GAY KISSING

I know I might not be the bravest person when it comes to kiss in public. Though, I have not been ashamed to do so in SoHo or in gay bars, or gay areas or as they are called nowadays, Gay Villages.

I do still not feel comfortable showing affection in such a way in any other places. I know, many gay men would say that I just have to accept the way I am and challenge the society in which we all live. Easy to say, not so easy to do, especially if anyone has to over-rule the intrinsic mental resistance that stop them doing so.

I guess the reason for all this deliberation comes from the innocent act of kissing between two straight teenagers in a bus stop in which I was waiting yesterday. The early affection game shown by these two people took me into some kind of reflection and I thought about how difficult is for so many gay men to be able to show their true feelings.
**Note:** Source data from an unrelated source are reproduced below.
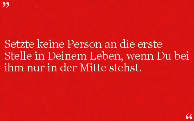 Setzte keine Person an die erste Stelle in Deinem Leben, wenn Du bei ihm nur in der Mitte stehst.
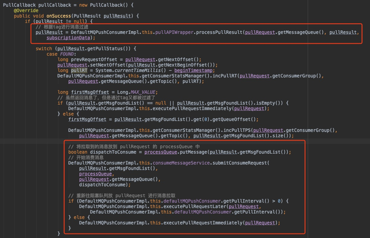 从上一级我们知道,消息会交给PullCallback的实现类来进行消费,PullCallback的实现类有2个,一个是DefaultMQPullConsumerImpl的匿名内部类,一个是DefaultMQPushConsumerImpl的匿名内部类,正好对应两种消息消费模式,我们只分析DefaultMQPushConsumerImpl中PullCallback的处理逻辑
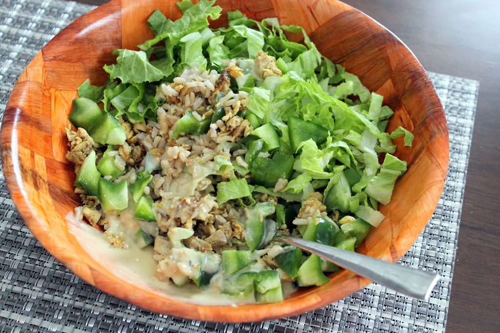 As for food yesterday, I made myself a random leftover salad bowl for lunch using shredded rotisserie chicken, chopped romaine, brown rice, green pepper, and a fun hummus vinaigrette that was hummus + lots of lemon juice + a little olive oil. It was really good – try it!

Not because they don’t want to, but due to the inhibitions that we have as a result not just of our personal education but the fear of the reaction from those surrounding us.

I realised how much of the Society we need still to change. I know that I won’t necessarily be supported in this matter since, as I mentioned earlier, many gay men won’t agree with my attitude. I wish it was so easy for everyone. I am not shameful of what I am, but I acknowledge that there are difficulties to express freely all the range of feelings and emotions in public in the same way that straight people do.